And now, on the next day, prepared for innocent magic, I stood above these sleeping children in the clear dawn of a midsummer morning.

All sign of the adults of the day before had gone, all the boats, all the racks for drying nets. It was as though the set had been dismantled, leaving only these inhabited sand castles as the scene of some strange nocturnal play.

A wave slapped and a child sat up, dark against the brilliant yellow east. Then another, and another, as if responding to a signal I could not see, some hidden sign. Soon all were awake, looking eastward, waiting.

I knew what they were waiting for. The sky shone in expectation, for there, in the wings of the ocean, was the sun itself, ready to make its due appearance.

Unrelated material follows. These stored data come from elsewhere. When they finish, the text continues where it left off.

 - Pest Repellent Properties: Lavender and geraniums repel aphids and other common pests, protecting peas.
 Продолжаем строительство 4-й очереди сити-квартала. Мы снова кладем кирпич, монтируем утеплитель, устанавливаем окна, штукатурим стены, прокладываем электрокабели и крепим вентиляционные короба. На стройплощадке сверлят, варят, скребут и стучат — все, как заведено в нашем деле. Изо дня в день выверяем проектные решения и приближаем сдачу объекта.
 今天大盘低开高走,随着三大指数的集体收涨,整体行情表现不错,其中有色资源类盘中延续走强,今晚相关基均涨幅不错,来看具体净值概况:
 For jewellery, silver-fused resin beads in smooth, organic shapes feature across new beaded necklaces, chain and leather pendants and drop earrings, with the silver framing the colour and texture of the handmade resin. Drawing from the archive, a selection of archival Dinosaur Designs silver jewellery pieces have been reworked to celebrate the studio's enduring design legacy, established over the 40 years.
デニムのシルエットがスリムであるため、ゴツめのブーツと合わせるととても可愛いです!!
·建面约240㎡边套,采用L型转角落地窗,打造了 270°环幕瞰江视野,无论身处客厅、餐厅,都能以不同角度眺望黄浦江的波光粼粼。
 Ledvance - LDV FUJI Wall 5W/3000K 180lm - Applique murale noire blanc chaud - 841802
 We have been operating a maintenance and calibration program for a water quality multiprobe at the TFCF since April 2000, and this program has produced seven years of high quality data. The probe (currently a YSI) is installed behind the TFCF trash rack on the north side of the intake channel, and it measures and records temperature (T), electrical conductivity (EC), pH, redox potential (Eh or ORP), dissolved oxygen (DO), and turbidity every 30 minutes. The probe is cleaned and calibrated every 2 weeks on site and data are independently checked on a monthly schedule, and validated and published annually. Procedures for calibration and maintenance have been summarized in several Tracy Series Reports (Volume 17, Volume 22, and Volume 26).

As the sea swayed and lapped, each child, I saw, was now sitting formally, his legs beneath him. And as I gazed out across their ranks, it seemed as if those tiny figures had all been cut off at the waist and planted there, to face the sun.

Then, slowly, each half-child turned a solid black as—first a narrow, piercing sliver, then a growing, blinding wedge of light—the sun rose.

The boys, kneeling, looked ahead. I had perhaps expected them to bow or chant some prayer, but nothing happened. They knelt and watched the slow sun appear.

Overhead the plovers dipped and cried, as if also in answer to some summons. Then, when the sun, like some great radiant balloon, left its perch upon the sea and miraculously began to soar, the mysterious children stood up and, yawning, shaking off the sand, became themselves again.

One of them turned and saw me standing there. He stared without surprise, as if I were expected, then pulled on his baseball cap.

- What were you doing? I asked, as best I could.

And, unselfconsciously, as though he met white, round-eyed creatures every day on the beach, he explained as best he could. But my Japanese was primitive and he spoke with the ripest of country dialects. All the same, some understanding did pass between us, and now, knowing more, I can reconstruct what was said.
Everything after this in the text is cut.